Stanley v. State, 75--639

Decision Date25 February 1976
Docket NumberNo. 75--639,75--639
Citation327 So.2d 243
PartiesMichael Damien STANLEY, Appellant, v. STATE of Florida, Appellee.
CourtFlorida District Court of Appeals

Jack O. Johnson, Public Defender, and Steven H. Denman, Asst. Public Defender, Bartow, for appellant.

Robert L. Shevin, Atty. Gen., Tallahassee, and Richard G. Pippinger, Asst. Atty. Gen., Tampa, for appellee.

GRIMES, Judge.

Appellant contests the denial of a motion to suppress as evidence the marijuana and controlled substance paraphernalia which he was charged with unlawfully possessing. The point was preserved for appeal at the time of the entry of a plea of nolo contendere. State v. Ashby, Fla.1971, 245 So.2d 225.

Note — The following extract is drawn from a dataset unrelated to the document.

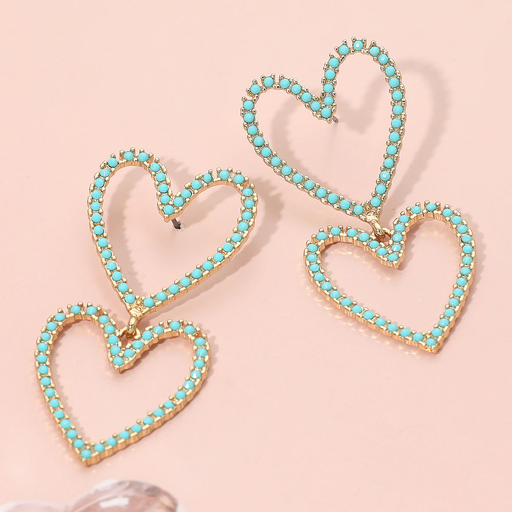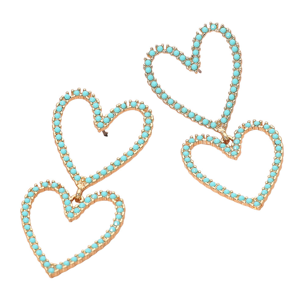 Details • Size : 1" X 2.25" • Post Back • Shine bright with these dazzling double heart drop earrings featuring sparkling rhinestone accents. Their elegant intertwined heart design adds romantic flair and playful sparkle, making them the perfect statement accessory for parties, dates, or special celebrations. • Lead and Nickel Compliant

At 12:20 a.m. on October 20, 1974, Deputy Halvorsen and Special Deputy Bissonette of the Lee County Sheriff's Department were dispatched to Daniels Road to check 'speeding autos and intoxicated juveniles in the area.' Upon arriving in the darkened area of Daniels Road, the deputies observed an unusually large amount of traffic for the area. They parked off the side of the road with their headlights shining across the road. Daniels Road was unpaved at this point, but the speed limit was 55 miles per hour.

The vehicle in which appellant rode as a passenger was one of several cars that passed by going in an easterly direction. The car was estimated to be travelling at 40 to 45 miles per hour. Deputy Halvorsen noticed a 'white female' sitting in the front passenger seat who pointed toward the marked patrol car. Thereupon, he pulled out and followed the car for about a half mile and then stopped it.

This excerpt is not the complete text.